Saturday, May 28, 2016

The Penelopiad by Margaret Atwood

So, I stumbled upon this book while searching for the Booker prize winners. I found the name of Margaret Atwood who is very popular as a poet and novelist. I was planning to read the other novel by her first which is "The Handmaid's Tale" but I'm going to keep it for later.

I'll also like to add that this is not a full fledged novel but a short novel or a long story as you can call it. Technically, they call it novella. I realized this in the middle of my reading because I was through with half of the book in like an hour. This is a problem with reading ebooks that sometimes you don't know how long this is going to be because I don't count the number of pages. Though, I thought I could have when I was reading my previous book "The Hindus".

Any ways, the book is not really a story but it is a narrative from Penelope's point of view who was the wife of Odysseus. I hope you are able to connect it with Odyssey. The narrative revolves around the twelve maids of Penelope and how they were hanged in the end without any proper reason. There is a whole reasoning of disloyalty etc in Odyssey but here it is given from Penelope's point of view.

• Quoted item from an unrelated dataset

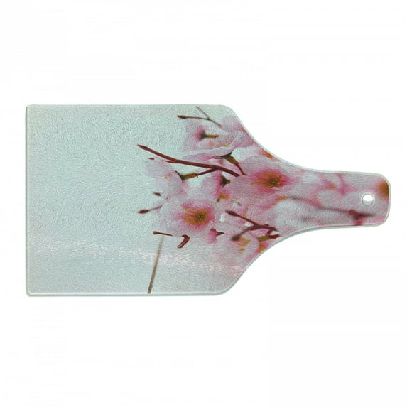 Hero image 0 of Floral Cutting Board, Cherry Blossom Petals Spring Season Florets in Soft Pastel Tones Art Print, Decorative Tempered Glass Cutting and Serving Board, Wine Bottle Shape, Pale Pink White, by Ambesonne, 0 of 1

There was no sequel of Odyssey which glorifies the female characters so this one is from a woman for a woman.

The whole story is around what all Penelope had gone through during the absence of Odysseus. It's rendered beautifully and it raises the question of freedom that a woman has versus a freedom that a man enjoys. Odysseus was gone for long years for Trojan war and he has a long list of adventures after that with witches, ogres and gods. Odyssey has details of his sleeping in the arms of beautiful maidens and goddesses but when he comes back after all these years first thing he was worried about was the chastity of his wife.

Why the whole epic glorifies his relations with other woman but very conservative about the conduct of Penelope? She doesn't have the freedom to do what she wants to do. If she does she will be labelled as a whore. May be she would have been hanged or brutally killed for that. Why chastity is a woman's virtue and she is judged on this scale so rigidly with zero tolerance?

There were no times when a woman was really glorified. We may find some deviations but they will be very rare. They are so rare that you can count them on fingers.

The saddest part is that there is no change in this perception of a woman, she is either objectified (like the maidens of Odyssey whom the Odysseus enjoys) or scrutinized for her loyalty/chastity/whatever-makes-a-man-feel-better.

I hope that one day we all have the freedom to live with dignity and make the choices that we want to make and do not follow what others have decided for us.

This is a pretty good read and it questions the very mindset of a society.